BEIJING — China’s leader, Xi Jinping, arrived in North Korea’s capital on Thursday to a 21-gun salute at the airport, the release of thousands of balloons and waving crowds lining the streets, as his car wound its way to the mausoleum where the North’s founder lies.
The elaborate ceremonial welcome for Mr. Xi, making his first visit to the North since taking power seven years ago, seemed designed as an upbeat makeover of what has been a dour relationship between him and the North’s young leader, Kim Jong-un.
The two are engaged in separate disputes with President Trump — one over trade, the other over the North’s nuclear weapons. American officials have said they expect Mr. Xi to try to make headway with Mr. Kim on the nuclear issue, then use that as leverage with Mr. Trump on trade next week, when the two are expected to meet in Japan.
Such expectations grew on Wednesday when a rare article by Mr. Xi appeared in the North Korean ruling party’s official newspaper, Rodong Sinmun. He wrote that China was willing to draw up a “grand plan” with the North that would “realize permanent peace” on the Korean Peninsula.
Mr. Xi’s first stop after arriving was the mausoleum in Pyongyang, the capital, where Mr. Kim’s grandfather Kim Il-sung, the North’s founding president, is buried along with his son and successor, Kim Jong-il.
Chinese state media reported on Thursday afternoon that Mr. Xi and Kim Jong-un were meeting, offering no details.
For his part, Mr. Kim was expected to seek Mr. Xi’s help in easing international sanctions over his country’s nuclear weapons program. China has long been North Korea’s sole major ally, but Mr. Xi sided with the Trump administration’s push for tougher sanctions after repeated tests of nuclear weapons and long-range missiles by the North.
The North has conducted no such tests since late 2017, and last June, Mr. Kim made a vague commitment to denuclearization in a broadly worded agreement with Mr. Trump. But follow-up diplomacy aimed at fleshing out that agreement has failed, and a second meeting in Vietnam between the two leaders in February ended in collapse after Mr. Trump rejected Mr. Kim’s demands for sanctions relief.
In his Wednesday article, Mr. Xi said the North was headed in the “correct direction” and suggested that it deserved some easing of the crippling sanctions.
“China wants to use the visit to encourage Kim Jong-un to continue to freeze his missile tests,” said Wu Xinbo, director of the American studies program at Fudan University in Shanghai. “We should give him some incentives to stay on the right track.”
The trip is the first by a Chinese leader to North Korea in 14 years. In the past year, Mr. Xi and Mr. Kim have met four times in China. But the 66-year-old Chinese leader, who has shown disdain for Mr. Kim, 35, had been reluctant to go to North Korea until now.
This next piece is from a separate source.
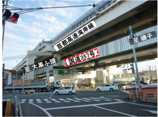
写真②: 本牧ふ頭出入口交差点

He had been expected to visit sometime this year, but the trip was apparently arranged fairly quickly so the Chinese leader could use it as leverage with Mr. Trump next week.
The timing of the two-day visit skirts the anniversary on Tuesday of the North’s invasion of South Korea in 1950, which started the Korean War. China fought alongside the North against the United States and South Korea during that three-year conflict, losing hundreds of thousands of soldiers.
Since then, the two Communist countries have maintained an alliance marked by long periods of tension.
Two years ago, as Mr. Kim fired a series of intercontinental ballistic missiles and China urged caution, the North hurled invective at Beijing, saying its state-run media was making “absurd and reckless remarks” that made the situation worse.
Mr. Xi’s decision to go to Pyongyang did not signal a new warmth, said Andrei Lankov, a North Korea scholar. Rather, Mr. Xi — in a corner over his stalemate in trade talks with the Trump administration — could see the possibility of playing the middle man between Mr. Kim and Mr. Trump, he said.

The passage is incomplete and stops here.